This topic is used in the atlas as an entry point into the question Arkoun poses about the modes of production of religious knowledge, and about the limits that institution, language, and the imaginary have drawn for the work of reason within the Islamic field. What is meant here is not issuing a final judgment on tradition, but arranging the materials that show how the epistemic question itself takes shape, and how philosophy, theology, jurisprudence, and history intertwine within it.

This topic appears in more than one of Arkoun’s books. In Islamic Thought: Critique and Ijtihad, critique is tied to the possibility of ijtihad and the renewal of reading tools, and the link between critique, the history of thought, the place of the intellectual, language, and science comes into view. In Where Is Contemporary Islamic Thought? the question advances from the standpoint of the blockage of contemporary thought and the limits of traditional reformism. As for Fundamentalist Thought and the Impossibility of Foundationalization, it connects critique to the closure of the origin and its transformation into an ultimate authority that prevents historical inquiry. The topic takes on a broader dimension in Toward a Comparative History of Monotheistic Religions, where critique is linked to comparison and to the question of the formation of religions in history. It also emerges in Readings in the Qur’an through a reconsideration of the relationship between text, reception, and the historical analysis of discourse.

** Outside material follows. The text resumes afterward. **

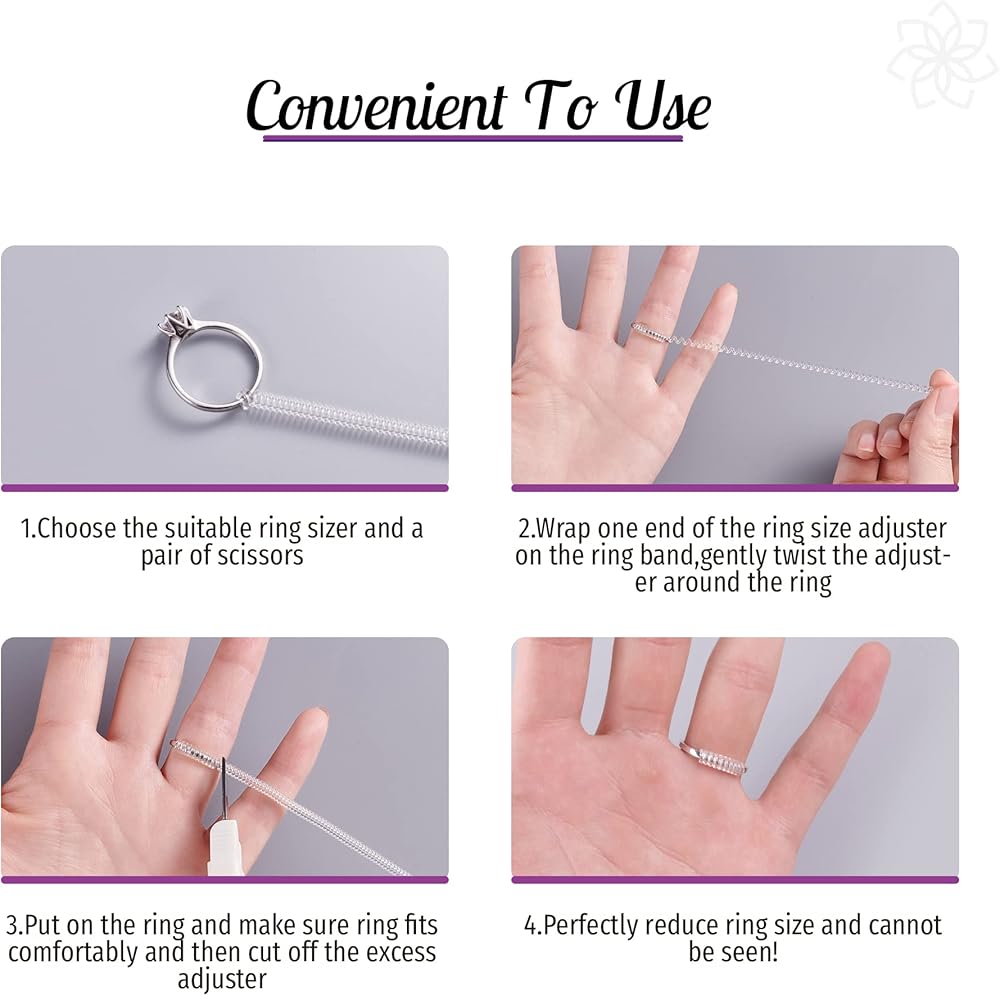 ⭐حل سريع للحلقة الفضفاضة: يوفر التصميم الحلزوني ملاءمة طويلة الأمد ومريحة لمعظم الخواتم، وهي طريقة رائعة تجعل خاتمك ملائمًا دون الحاجة إلى إعادة حجمه. إنه ليس فقط مشدودًا بسيطًا للحلقة، ولكنه أيضًا سيحمي حلقاتك من التعرض للخدش أثناء العمل أو القيام بالأعمال المنزلية.

Nearby topics include Historicity of Text and Discourse, the Unthought, and Applied Islamology, in addition to the concepts critique of reason, power and knowledge, and historicity.

Related reading paths:

This topic helps gather the materials that speak to the renewal of thought, epistemological critique, and the historicity of knowledge, without settling the meaning of Arkoun’s project in a single formula. It is an organizing title for reading a broad network of objections and proposals in Arkoun.